Fig. 1 is a flowchart illustrating a method for extracting key information of a target object according to an embodiment of the present invention. The method provided by the embodiment of the invention can be executed by any electronic equipment with computer processing capability, such as a terminal device and/or a server. As shown in fig. 1, the method for extracting key information of the target object includes:
step S1, a first sentence set is obtained, where the first sentence set is composed of sentences obtained by recognizing an image of a target object.
And step S2, scoring each statement in the first statement set according to a set scoring strategy to obtain a scoring score.
And step S3, selecting the target statement with the highest score in the first statement set according to the score corresponding to each statement, deleting the target statement from the first statement set, and adding the target statement into the second statement set.
In step S4, the loop is repeated with step S2 and step S3 executed in sequence as a loop until the number of words included in the target sentence selected in step S3 is equal to or greater than the set first threshold.
In step S5, the target sentences in the second sentence set obtained in step S4, excluding the target sentence obtained in step S3 last time, are used as key information of the target object.
In the technical scheme of the embodiment of the invention, sentences are obtained by identifying images, the sentences are scored based on a set scoring strategy, after the sentences with the highest scoring scores are extracted, scoring and extracting operations are continued, and a plurality of excellent sentences which meet word number limitation are finally obtained as the key information of the target object.
Before step S1, the extraction method further includes: and performing text Recognition on the image of the target object by using an OCR (Optical Character Recognition) technology to obtain a first sentence set.
Specifically, the target object in the embodiment of the present invention may be a commodity, and the first sentence set is a text data set. The texts of the commodities come from the detail page pictures of the commodities and are obtained by recognizing the detail page pictures of the commodities through an OCR technology.
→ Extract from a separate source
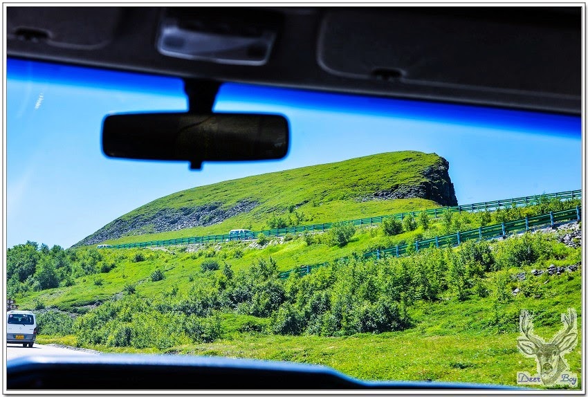 第一段環保車(85元)已經結束,第二段天池主峰車票80元是搭9人座小巴,師傅有吩咐安全帶要綁緊,狂猛的九彎十八拐讓遊客們甩過來拋過去,非常刺激好玩!

In step S2, the scoring policy set includes: the sentences in the first sentence set are scored according to the attribute scoring rule of at least one of the sentences. These attribute scoring rules include: importance scoring rules, specificity scoring rules, readability scoring rules, compliance scoring rules, and redundancy scoring rules.
In the embodiment of the invention, modeling can be performed respectively from five aspects of importance, specificity, readability, compliance and redundancy, and the like so as to score the sentences in the first sentence set.
Furthermore, the sentences in the first sentence set can be scored in combination with the angle of the word number limit. Therefore, the extraction of the key information of the target object can be limited from six aspects of importance, specificity, readability, compliance, redundancy, word number limitation and the like, so that the key information of the target object which is important, strong in marketing, smooth, compliant, non-redundant in information and meets the length limitation can be obtained.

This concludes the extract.